Structural change and accuracy
The structural change (TM-score between conformations) vs. the prediction accuracy (TM-score) for the test conformations can be seen in Fig. 4a. The accuracy decreases with the structural change, even though there are accurate predictions at changes as large as 0.4 TM-score. Hinge motions are less accurately predicted than rearrangements and fold switches (Fig. 4b). All three types of conformational change can result in both larger and smaller overall structural changes (Fig. 7c), suggesting that the type of change does not determine the accuracy, but the amount of structural change does.
Selecting accurate conformations
The predicted lDDT (plDDT1) does not reflect the TM-score towards different conformations (Pearson R = 0.52, Fig. 5a). At the same time, the plDDT score is highly correlated to the overall structural accuracy on the validation set when not considering alternative conformations (Pearson R > 0.9, see below Fig. 9c). In the case of alternative conformations, it seems that the plDDT is rather a metric for how the structure may move, describing protein flexibility.

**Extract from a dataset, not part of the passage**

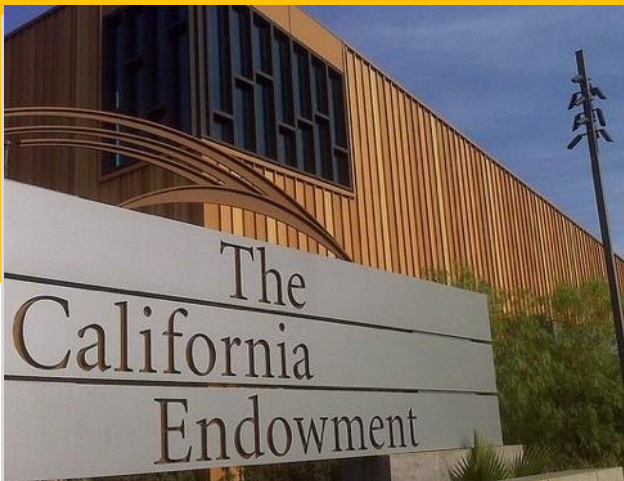
The California Endowment 1000 N. Alameda Street Los Angeles, CA 90012

This year, we are proud to host our 7 th Annual Insurance Diversity Summit in Los Angeles at the California Endowment whose mission is to expand access to affordable, quality healthcare to California's underserved communities, and to promote fundamental improvements in the health status of all Californians.
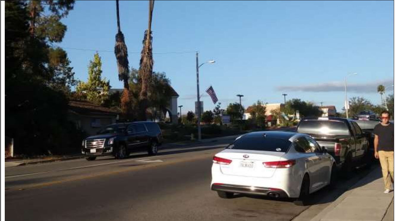
Left turn arrow and lane to turn onto Bella Dr. from Wendy Dr.

Figure 5b highlights the finding for all samples of structures that could be predicted with a TM-score >0.8 for both train and test conformations (n = 52, Fig. 1c). The plDDT scores are high for a range of different conformations and similarities to both train and test conformations vary extensively. There seems to be no clear relationship between the plDDT and known conformations from the PDB suggesting that confidence metrics can’t be used to select for certain conformations. This agrees with the findings that this procedure is stochastic (see 'Differences in internal network representations do not correspond to differences in predicted structures').
The regions with lower plDDT tend to be flexible regions that are affected by conformational changes (Fig. 5c). This seems to be the case for predictions for PDB IDs 4AVA/4AVB, 1L5T/2BKA and 7OHG/6S2U. For 6O1X/6O1Z, one of the sampled conformations has low plDDT in the region where the conformations differ and the other has high pIDDT values. For 3ZSF/2YLN, both conformations have high plDDT overall and no flexible central region as in 4AVA/4AVB is found. This indicates that the plDDT is to be related to the regions that may change between conformations in some, but not in all cases.
Discussion
Structure prediction of alternative conformations with Cfold
The purpose of Cfold is not to replace AlphaFold2 in the prediction of protein structures, but to instead predict more than one conformation of a structure when this is possible. These conformational ensembles represent multiple important states of proteins that can inform functional aspects that a single structure can not. In contrast to previous attempts to predict the structure of different conformations5,7,8, Cfold is evaluated on a comprehensive set (n = 155 vs n = 8 previously) of structural states distinct from those seen during training. This is crucial to assess if conformational states can be predicted and are not simply reproduced from memory (as is the case when using e.g. AlphaFold21).
Cfold predicts 81/155 unseen structures with high accuracy (TM-score >0.8). Here, 13 samples and three recycles were used per cluster size, resulting in ~100 samples (Methods). However, it has been found that over 20 recycles and thousands of samples are necessary to obtain accurate predictions in challenging cases for multimeric proteins19. To see if this may be the case for the single-chain proteins evaluated here as well, we increased the recycles to 10/20 and took 50/100 samples per cluster size (Supplementary information). We see no significant improvement in the scores. Using a higher number of clusters for the predictions is not beneficial either, suggesting that it is best to run the cheaper settings with fewer recycles, fewer samples and a lower number of clusters (Supplementary information).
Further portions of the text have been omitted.